Why yes, there has been a noticeable shift. Look, the war is winding down.....er.....OK, CAFE standards have been raised, saving the enviroment and cutting back on impor................OK, um....gays can adopt and marry in more and more states......NO?.......hmmm..... At least the Justice Department isn't being run by someone perfectly happy to let Bush run roughshod over the Constitu.......OK, more nations have come to respect and admire us? Nah? Somebody call Atrios about this whole shift thing.....

I thought the Lesson of Iraq was that William Kristol is never ever ever correct. Ever.

Excellent post, Matt. All those folks who imagine that the whole history of the Iraq War started with "Bush lies" around 2000 are in need of some context.

Steve Duncan reminds me of people I've known who suffer from serious depression. Nothing makes them angrier than the suggestion that their lives could change for the better.

A statement Bin Laden made in a 1997 interview with Peter Arnett -regarding the sale of oil --was interesting:
--------

Peter Arnett: Mr. Bin Ladin, if the Islamic movement takes over Saudi Arabia, what would your attitude to the West be and will the price of oil be higher?

BIN LADIN: We are a nation and have a long history, with the grace of God, Praise and Glory be to Him. We are now in the 15th century of this great religion, the complete and comprehensive methodology, has clarified the dealing between an individual and another, the duties of the believer towards God, Praise and Glory be to Him, and the relationship between the Muslim country and other countries in time of peace and in time of war.

If we look back at our history, we will find there were many types of dealings between the Muslim nation and the other nations in time of peace and in time of war, including treaties and matters to do with commerce. So it is not a new thing that we need to come up with. Rather, it already, by the grace of God, exists.

As for oil, it is a commodity that will be subject to the price of the market according to supply and demand. We believe that the current prices are not realistic due to the Saudi regime playing the role of a US agent and the pressures exercised by the US on the Saudi regime to increase production and flooding the market that caused a sharp decrease in oil prices. "
------------
Ref: http://www.anusha.com/osamaint.htm

I wonder if Bin Laden has ever simply said "Yes" or "No"?

I pity the poor oil trader who would ever have to negotiate with him. It must be tiring to ask Bin Laden for the time of day and have to parse 20 paragraphs of flowery reply.

Almost like listening to John Kerry answer a question --albeit minus the qualifiers, caveats and codecils.

lemuel pitkin reminds me of that pesky dog underfoot whenever you're trying to work in the garage or yard. All you have to do is throw it a bone in any direction a hundred feet and suddenly you're left alone to proceed. Democrats chase the bones while Republicans get back to whatever the hell they damn well please doing.

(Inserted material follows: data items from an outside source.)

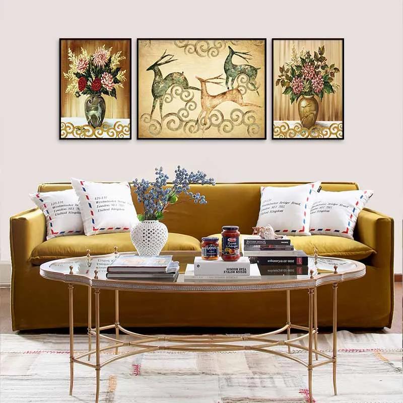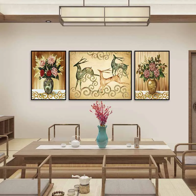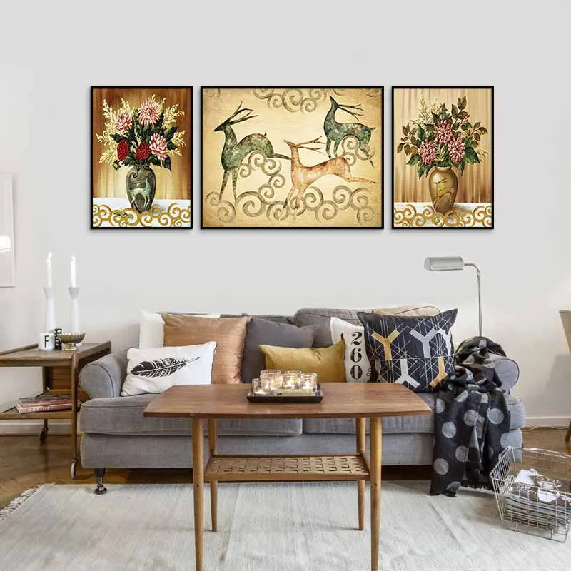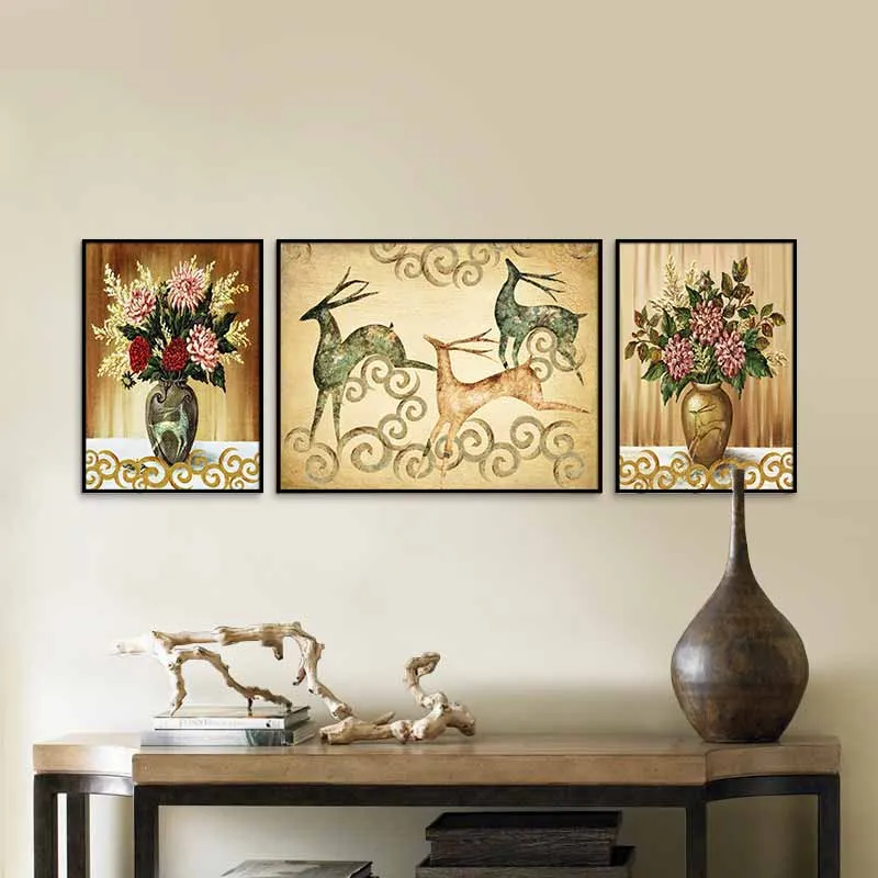 Tranh đàn nai và bình hoa, với hoa văn lạ mắt và tông màu nâu cổ điển đem lại vẻ ấm cúng cho ngôi nhà của bạn thích hợp treo ở phòng khách, phòng làm việc, phòng ngủ, phòng truyền thống, nhà văn hóa, quán cà phê, chân cầu thang, tranh lẻ nhỏ để ở bàn học, bàn làm việc,…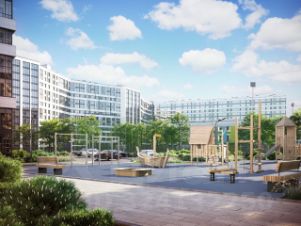 На территории "Аквилон ZALIVE" появится "зелёная набережная" (проект студии DEREVO PARK) - пешеходная аллея протяжённостью 300 метров с дизайнерским освещением и зонами отдыха, а также два "цветочных острова". Двор будет закрыт для машин, там установят детские площадки, спортивную зону workout и велопарковки.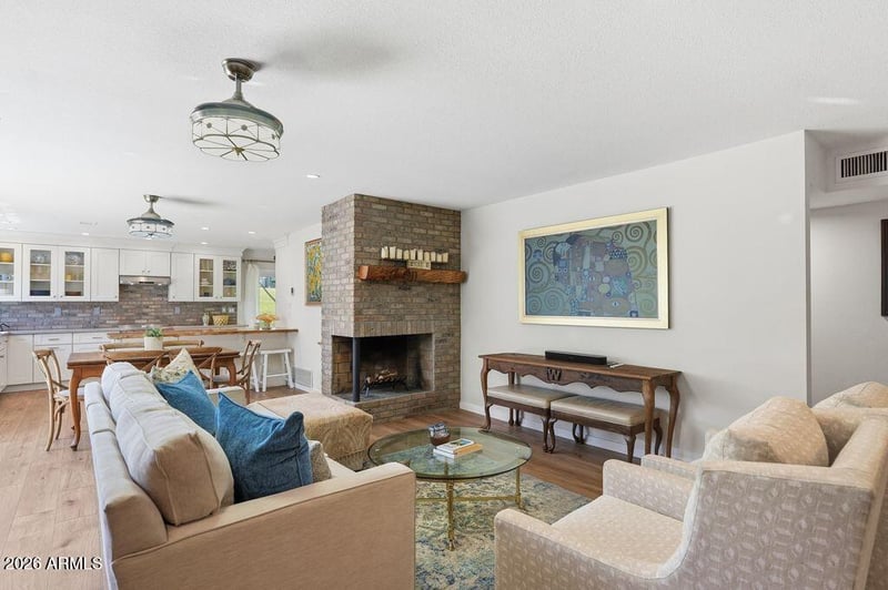 Listing details for 6043 Lewis Ave, Scottsdale, AZ 85257 : Welcome to this beautifully remodeled 3 bedroom 2 bath patio home that blends modern upgrades with today's eco-friendly, solar powered lifestyle. The home is located in a sprawling 10 acre community of green grass and mature trees with beautiful mountain views. Inside, you'll find a bright, neutral, open floorplan with a bricked stacked fireplace, luxury vinyl plank floors throughout, a stunningly appointed kitchen with quartz counters, Bertazzoni Italian appliances and gorgeous live edge island. Both baths are fully remodeled. The split floorplan and inside laundry are a bonus! Every detail has been perfectly curated for a move-in-ready home that feels both stylish and comfortable. Step outside to your expansive covered back patio and large side patio with retractable awning. Savor the Arizona sunsets while taking in the boulder views. Enjoy the benefits of a fully owned solar system for energy efficiency along with an EV-ready two car garage. The community offers a large, heated pool, spa and clubhouse and is minutes to Old Town Scottsdale and Arcadia shopping and eateries, hiking trails, freeways and Sky Harbor airport.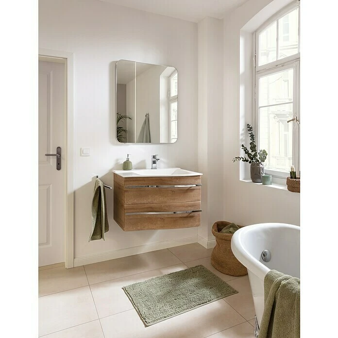Die Waschplätze Lineo von Camargue sind ein Meisterstück moderner Badgestaltung aus Designerhand. Dazu tragen in erster Linie die elegante Linienführung des Waschbeckenunterschranks und des Beckens bei. Alle Elemente vereint ein filigraner Schwung, den sogar der hochwertige Metallgriff am Waschbeckenunterschrank aufgreift. Durch das geschwungene Design bietet das 70 cm breite Möbel genügend Platz auch in kleinen Bädern. Der Waschbeckenunterschrank mit den zwei grosszügigen Schubladen bieten viel Stauraum für alle nötigen Badutensilien. Auch der Beckenrand bietet viel Stellplatz für Seifenspender und Zahnputzbecher. Die Serie Lineo ist in linker und rechter Variante, in 5 verschiedenen Oberflächen, sowie mit Spiegelschrank oder Spiegel erhältlich.
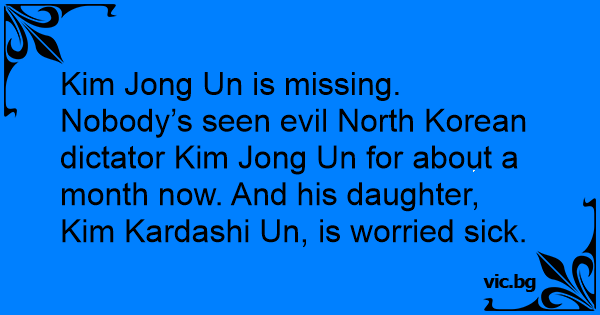 Kim Jong Un is missing. Nobody’s seen evil North Korean dictator Kim Jong Un for about a month now. And his daughter, Kim Kardashi Un, is worried sick.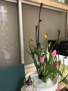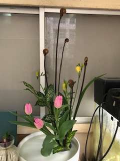 校長室の前、水槽の横にきれいなお花がいけられてありました。生涯学習の皆様、ありがとうございます。一足早く春を味わっています。

Yet the dog continually thinks it has the best of the bargain.

"our efforts to micro-manage domestic political outcomes in the Arab world haven't had a ton of success."

I think this is largely untrue until the last few years. I mean, Saudi Arabia would likely not be "Saudi" were it not for us. We've propped up Egypt's autocracy since 1978, Iraq against Iran for a long time, Jordan against the PLO, and Lebanon post-Israeli invasion but pre-emergence of Hezbollah.

Maybe neocolonialism is finally going out of style?


Saudi Arabia was formed when one British-backed royal family kicked another British-backed royal family, the Hashemites, out of the Hejaz. The British are said to have been displeased, but they did not cut subsidies to Saudis, and in fact soon increased them.

I'm not aware that the U.S. has ever been essential to keeping the Saudis in power.

Re David Tomlin's comment "I'm not aware that the U.S. has ever been essential to keeping the Saudis in power"
----------
Oh bullshit.

Al Qaeda bombs the offices of a US corporation and the US news media refuses to even look at WHAT THAT CORPORATION does?

Ever hear of Vinnell, Inc? Now a subsidy of huge US defense contractor Northrup Grumman.

See http://www.corpwatch.org/article.php?id=7850 and
http://www.commondreams.org/views03/0513-06.htm

Plus, you think the US government has been selling the Saudi Royal Family all those advanced weapons systems (jets,etc) for DECADES just so the royal family can fight off EXTERNAL enemies?

Is "I'm not aware"

codespeak for:

"Like most Americans, I don't know what the fuck the US government has been doing in the Middle East for the past 40 years on behalf of the oil companies?"

Or is "I'm not aware" codespeak for

"I believed George the Oil Whore when he said that 19 Saudi citizens came over here and gave their lives to strike us simply because they hate our freedom" ?

I also don't understand these idiots who say things like "well, the oil is there, so there's gonna be war there, so the US has to start the wars there."

Just because there's oil there doesn't mean all these countries are going to go to war with each other. And even if they did, we'd still get the oil from SOMEBODY.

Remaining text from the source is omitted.